A natural choice for an injection is the function f(x) = {x}, which in plain English, takes any element x (that is in A) and sends it to the one-element set {x}. Thus f(x) is injective!
To show that there is no surjection, for the sake of contradiction, assume there is a surjection. Here is where I start to have trouble. Surjectivity means that every element of the co-domain is mapped to an element of the domain, correct? Consequently, in this particular case, we are "matching" sets (from P(A)) to elements (from A) right?
If the above is correct, my problem arises here. I am not sure how to prove that f is not surjective. Unfortunately, I am easily confused by notation so please explain in English.
Thank you in advance!! :)
Answer
What you want here is the so-called diagonal argument. The idea is to show that no matter what function f:A→℘(A) you look at, you can find a subset Sf of A that is not in the range of f. If you can do that, you’ve shown that there is no map of A onto ℘(A) and therefore certainly no bijection from A to ℘(A).

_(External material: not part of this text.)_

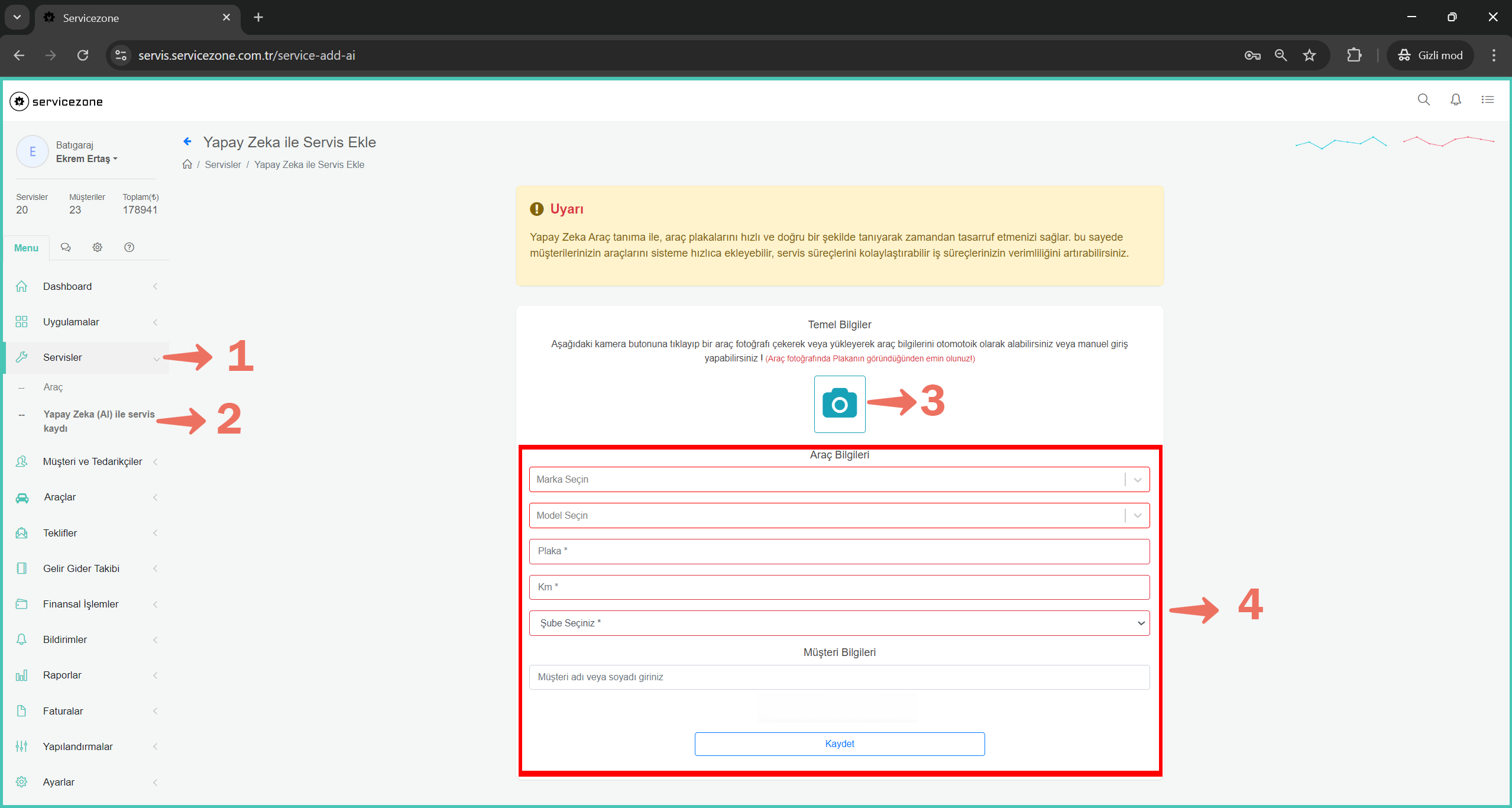 - Servis Kaydı Oluşturma: "Müşteri adı: Ahmet, soyadı: Demir, araç markası: Ford, model: Fiesta, plaka: 34ABC123, kilometre: 15000, şube: İstanbul Servis"

To build the set Sf, imagine that you could somehow go through the set A one element at a time. You look at an element a∈A, and one of two things must be true: either a∈f(a), or a∉f(a). (Remember, f(a) is some subset of A, so it’s meaningful to ask whether that subset contains a.) Since we’re building the set Sf to suit ourselves, we get to decide whether a∈Sf or not, and we’ll decide in exactly the opposite way from the function f: if a∉f(a), we’ll put a into Sf, and if a∈f(a), we won’t put a into Sf. After we’ve done this for each a∈A, our set Sf will contain exactly those a∈A such that a∉f(a):
Sf={a∈A:a∉f(a)}.
For each a∈A, therefore, the sets Sf and f(a) differ in how they treat a: if a∈f(a), then a∉Sf, and if a∉f(a), then a∈Sf.
That’s almost the entire argument: all you have to do to finish it off is explain why this ensures that for Sf is not the set f(a) for any a∈A and why this implies that Sf is not in the range of f and hence that f is not a surjection.